Omnivorous Jan 08, 2009 05:33 AM

I have a proportional thermostat. I had heard that proportional thermostats were suposed to keep the temps within 1 degree or better accuracy but I have found mine keeps the temps within 2 or 2.5 degress accuracy. Is this normal? The temps drop mabie 1 degrees below set temp and 2 to 2.5 degrees above. Usualy the temps are within a degree of setpoint or exactly on setpoint but these differences are the extreme cases max/min. Do I have a unacurate thermostat or are these variations to be expected? Would that temp difference be bad for reptile eggs? The variations in temp are not held for long usualy bounces back to correct temp quickly. Its a lot more accurate than the on/off type I used to have but was wondering if its an accurate unit the on/off type had agreater difference in temps. Mostly concerned if it will be bad for reptile eggs?

Replies (11)

LarryS Jan 08, 2009 05:55 AM

Are you measuring temps at the same spot that the thermostat probe is located?

LarryS Jan 08, 2009 05:57 AM

Also, is the thermostat probe inside of a closed eggbox or otherwise in a seperate compartment from the heater element?

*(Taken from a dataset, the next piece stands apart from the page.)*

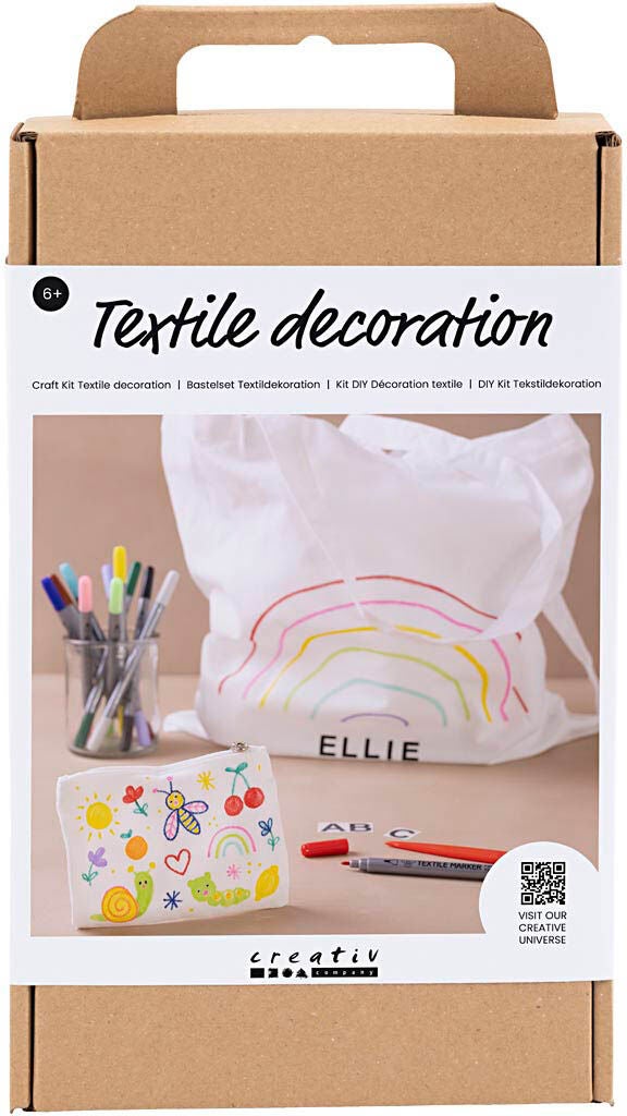 Sjovt, farverigt DIY tekstildekorationssæt fra CreativCompany, der indeholder alt materiale og instruktioner, du skal bruge for at komme i gang med at skabe. Perfekt til det kreative barn, der gerne vil dekorere sine tekstiler. Anbefalet alder: Fra 6 år.

Omnivorous Jan 08, 2009 07:43 AM

The thermostat probe records the temps. It has a max temp and min temp reading stored that you can display if you want wich you can reset any time. Its like during the day its set to 88.5 and 95% of the time I look at the thing its 0.0 - 1.0 degrees within what I set it for but once in a while if I check the max/min temp readings for daytime it might get as hot as 90.2 or at night its set to 82.0 degrees and 95% of the time its 0.0 - 1.0 degrees in range but if I reset the max/min temp recording to see the range at night it might have gotten as cold as 79.9 degrees. The amount it goes below 88.5 during the day or above 82.0 during the night would be about 1 degree from max/min readings.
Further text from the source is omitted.